Defense of the doctoral thesis of BANGE Romain, for the University Grenoble Alpes, speciality " NANO ELECTRONICS & NANO TECHNOLOGIES ", entitled:
Amphi M001 (RDC) - Phelma/Minatec
3 rue parvis Louis Néel
38016 Grenoble cedex1
Realization and optimization of biosensors based on SiC nanostructures for the electrical detection of DNA
Monday, February 18, 2019 at 10:30
biosensor, DNA, transistor, field effect, nanowire, silicon carbide
Sensing of low concentrations of nucleic acids is essential to a variety of applications such as bio-medical analysis, in which case it allows the diagnosis of pathologies by identifying specific biomarkers. Compared to traditional sensing techniques based on biochemistry, the advantage of electrical field-effect detection is that it relies on a direct, label-free, and fast-response measurement. Transistors based on semiconducting nanowires are promising devices that theoretically enable very low detection limits and a high sensitivity, thanks to their high surface-to-volume ratio and unique electronic properties. Silicon carbide (SiC) is a semiconductor material with qualities such as very high physical and chemical stability and high biocompatibility, which make it particularly suited for aforementioned applications.

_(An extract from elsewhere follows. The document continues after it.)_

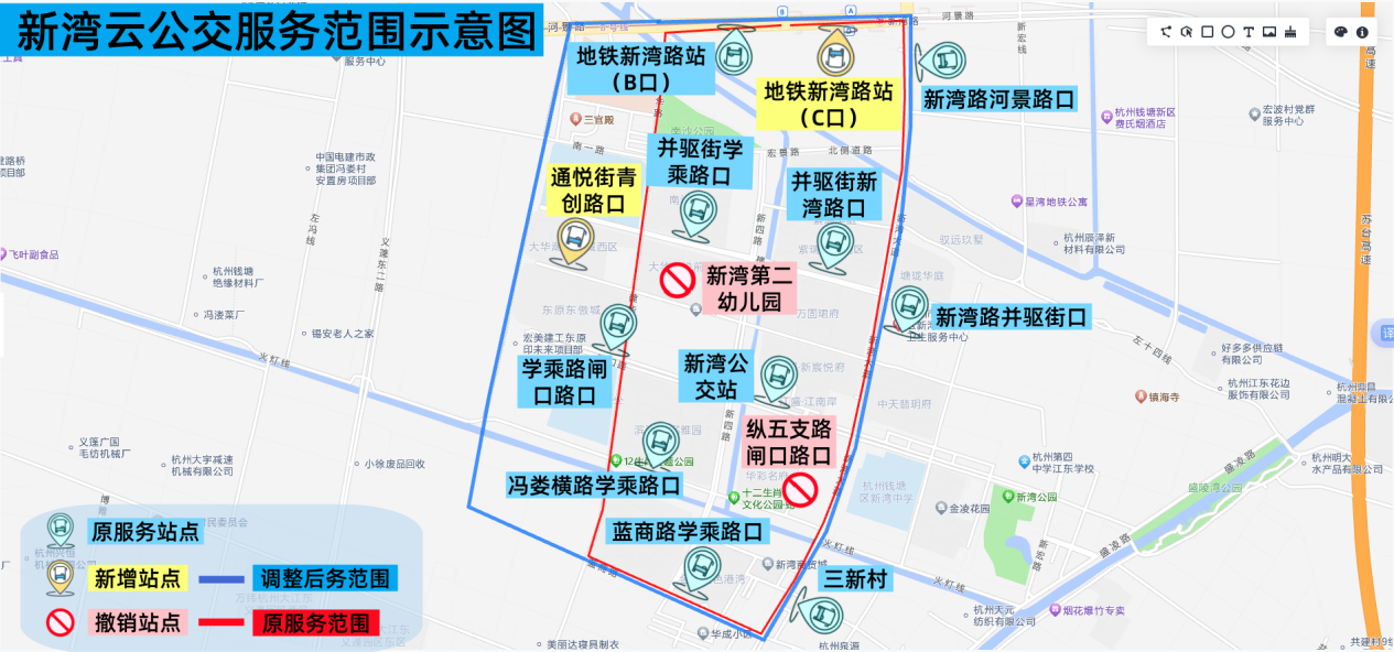 增设站点:学乘路闸口路口、通悦街青创路口、并驱街学乘路口、并驱街新湾路口4对停靠站点。

In this thesis, field-effect transistors based on Si and SiC nanowires were designed with a top-down approach to be fabricated using photolithography techniques. The Si-based process was developed and optimized in order to fabricate reproducible devices made of nanowires and nanoribbons. A detailed study was conducted to demonstrate the superior chemical stability of SiC nanowires over Si nanowires under physiological conditions. Based on these results, we investigated two ways of elaborating a thin SiC layer around these Si nanostructures to provide them with its chemical resistance in liquid medium. These reproducible core-shell Si/SiC devices were eventually functionalized and integrated into a microfluidic system in order to achieve novel measurements of DNA detection in real time and in liquid media.